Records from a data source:

----------

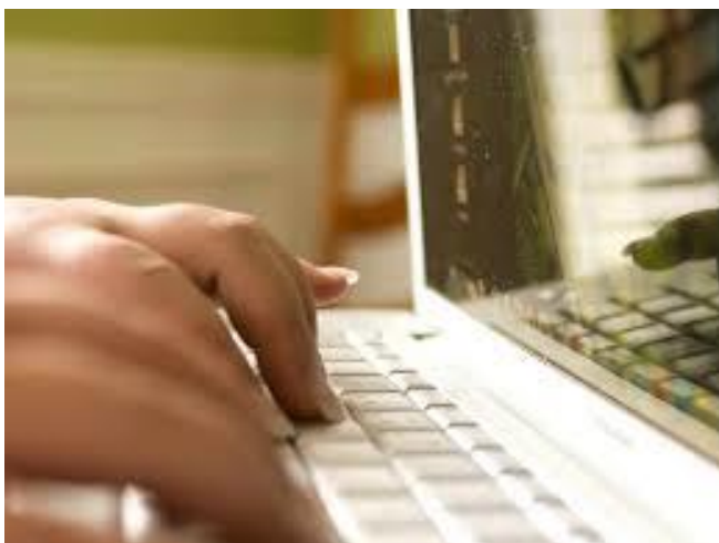
Ordinateur. Image libre de droit

Le référentiel d'évaluation du HCERES est très clair et se veut objectif et pertinent. Il présente tout d'abord le processus global d'évaluation
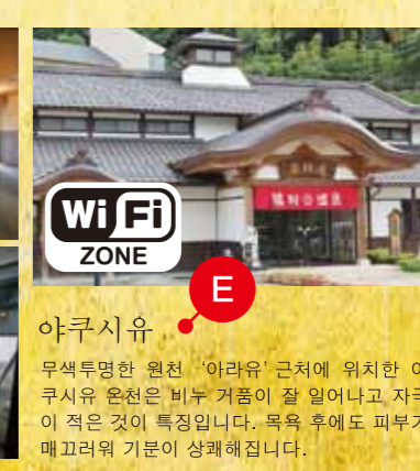
아라유 무색투명한 원천 '아라유' 근처에 위치한 야쿠시유 온천은 비누 거품이 잘 일어나고 자극이 적은 것이 특징입니다. 목욕 후에도 피부가 매끄러워 기분이 상쾌해집니다.
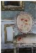
AnsRes.II, Galerie (R. 26), DI024043, BSV-
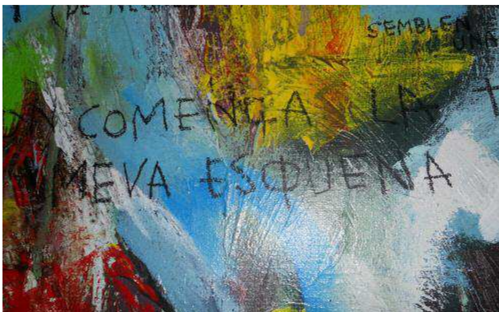
SENSE TÍTOL HIPERBÓREO Pintura acrílica i poesia, 100 x 100
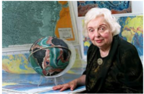
Marie Tharp all'età di 80 anni

larga e più lunga catena montuosa sulla Terra, profonde fosse oceaniche e montagne sottomarine sparse, e anche pianure. Luglio 2020 ha segnato il centenario della nascita di Marie Tharp. Oggi è riconosciuto il suo grande contributo allo sviluppo delle scienze della Terra. Il suo lavoro innovativo è ora fonte di ispirazione per gli scienziati, e in particolare, per le scienziate, del futuro.
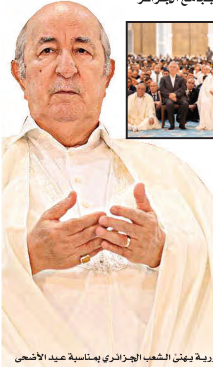
رئيس الجمهورية يهنئ الشعب الجزائري بمناسبة عيد الأضحى
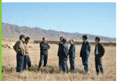
2008年赵有璋教授(左三)等在甘肃永昌调研细毛羊生产

该品种的育成,解决了高寒地区及周地区原有品种生长缓慢、繁殖力低、出栏周期长、肉用性能差、毛用性能退化等缺点,使该区域由被动的增肉向肉毛双增的主动局面转变,可切实保证宝贵细毛羊资源不因羊毛市场波动和羊毛与羊肉比较效益的落差而混杂和混灭,满足了高寒地区特别是细毛羊产区保毛增肉的重大需求,为该类型羊品种升级换代提供了良好的种源保障,为我国羊核心种
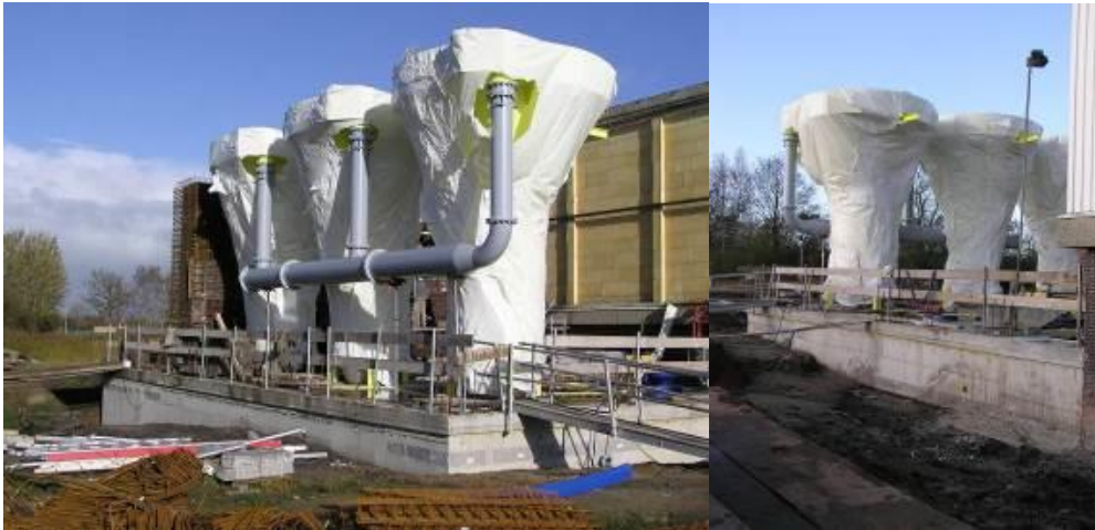
2.2.6 Inbouw van ingepakte pelletontharders op een productielocatie.

----------

* HOW TO COMPLETE THIS TASK: Without changing a word, retype every entry above, but drop its pictures.

* PROBLEM SOLUTION:
Ordinateur. Image libre de droit

Le référentiel d'évaluation du HCERES est très clair et se veut objectif et pertinent. Il présente tout d'abord le processus global d'évaluation
아라유 무색투명한 원천 '아라유' 근처에 위치한 야쿠시유 온천은 비누 거품이 잘 일어나고 자극이 적은 것이 특징입니다. 목욕 후에도 피부가 매끄러워 기분이 상쾌해집니다.
AnsRes.II, Galerie (R. 26), DI024043, BSV-
SENSE TÍTOL HIPERBÓREO Pintura acrílica i poesia, 100 x 100
Marie Tharp all'età di 80 anni

larga e più lunga catena montuosa sulla Terra, profonde fosse oceaniche e montagne sottomarine sparse, e anche pianure. Luglio 2020 ha segnato il centenario della nascita di Marie Tharp. Oggi è riconosciuto il suo grande contributo allo sviluppo delle scienze della Terra. Il suo lavoro innovativo è ora fonte di ispirazione per gli scienziati, e in particolare, per le scienziate, del futuro.
رئيس الجمهورية يهنئ الشعب الجزائري بمناسبة عيد الأضحى
2008年赵有璋教授(左三)等在甘肃永昌调研细毛羊生产

该品种的育成,解决了高寒地区及周地区原有品种生长缓慢、繁殖力低、出栏周期长、肉用性能差、毛用性能退化等缺点,使该区域由被动的增肉向肉毛双增的主动局面转变,可切实保证宝贵细毛羊资源不因羊毛市场波动和羊毛与羊肉比较效益的落差而混杂和混灭,满足了高寒地区特别是细毛羊产区保毛增肉的重大需求,为该类型羊品种升级换代提供了良好的种源保障,为我国羊核心种
2.2.6 Inbouw van ingepakte pelletontharders op een productielocatie.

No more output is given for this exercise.